# Make a whistle from scrap?



## Jawn (Oct 29, 2014)

I have some 1" aluminum tubing laying around (used to be a windchime). I've got a piece about a foot long. I am thinking I might want to make a whistle with it (just to practice). Are there any formulas for how to make it work (distance between the base and bottom of the tube, or thickness of the air gap)?


----------



## Andre (Oct 29, 2014)

Just experiment to find out. Too many variables in making something musical, just start with a light V saw cut the open it up with a file till it sounds right.

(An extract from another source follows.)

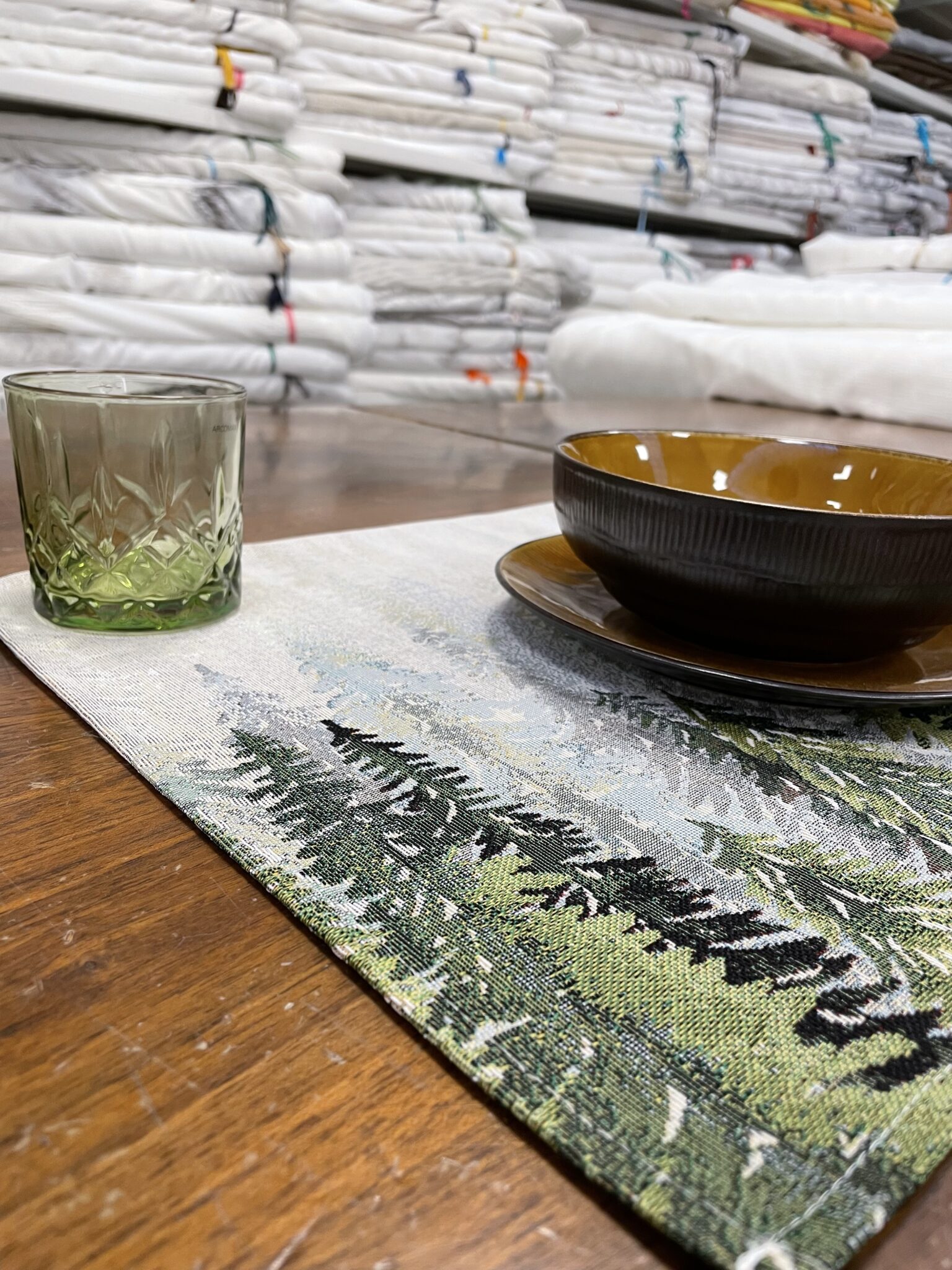 Realizzata in un mix di cotone e poliestere, questa tovaglietta unisce morbidezza e resistenza, garantendo una lunga durata. Il design raffinato, con un un paesaggio boschivo con alberi di conifera, avvolti in una leggera nebbia crea un’atmosfera suggestiva.
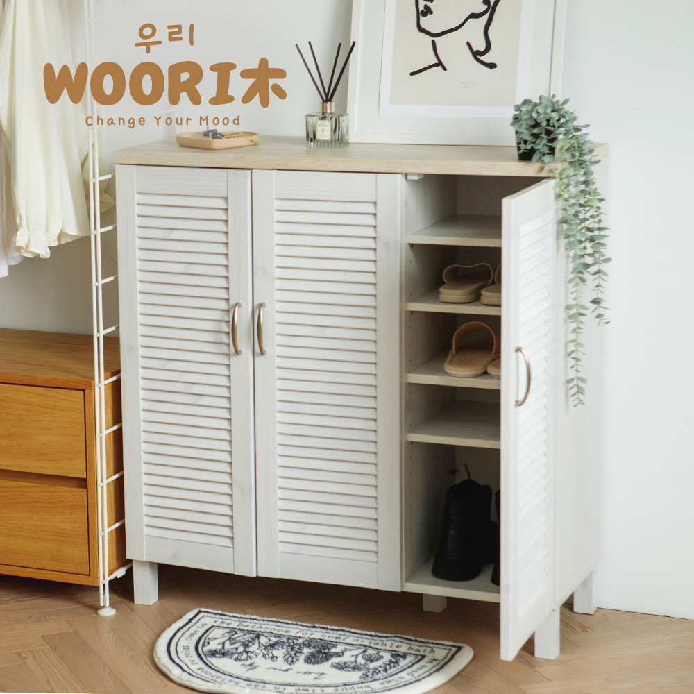 完美主義│Woori木▹DIY商品 百葉三門鞋櫃 鞋櫃 鞋架 直立式鞋櫃 置物櫃 收納櫃 展示櫃【P0014】原木|白配原木Cupboards & CabinetsPeachyLife完美主義

If it turns out well, please post pictures or better yet a video.


----------



## GarageGuy (Oct 29, 2014)

Andre is right.  I saw a "how it's made" tv show where they were making pipe organs.  Even though they knew the diameters and lengths of pipe needed for the notes they were trying to make, each one had to be adjusted and tuned by hand.  It looked like more of an art than a manufacturing process.

GG


----------



## Chipper5783 (Oct 29, 2014)

*Re: Make a whistle?*

Guy Lautard's has plans for a whistle in  "Machinist Bedside Reader", vol 2, pg 134


----------



## Terrywerm (Oct 30, 2014)

*Re: Make a whistle?*

If you simply start cutting notches in the tube, you'll end up with nothing but a lot of small chips and a tube that doesn't whistle. Have a look here for some good basic whistle info: http://www.fonema.se/whistle/hotwhiz.html

Some other sites that have information that you may find useful:

http://www.absoluteastronomy.com/topics/Steam_whistle#encyclopedia

http://www.absoluteastronomy.com/topics/Train_whistle


----------



## Jawn (Oct 31, 2014)

*Re: Make a whistle?*



terrywerm said:


> If you simply start cutting notches in the tube, you'll end up with nothing but a lot of small chips and a tube that doesn't whistle. Have a look here for some good basic whistle info: http://www.fonema.se/whistle/hotwhiz.html


Thanks! Exactly the kind of info I was looking for.


----------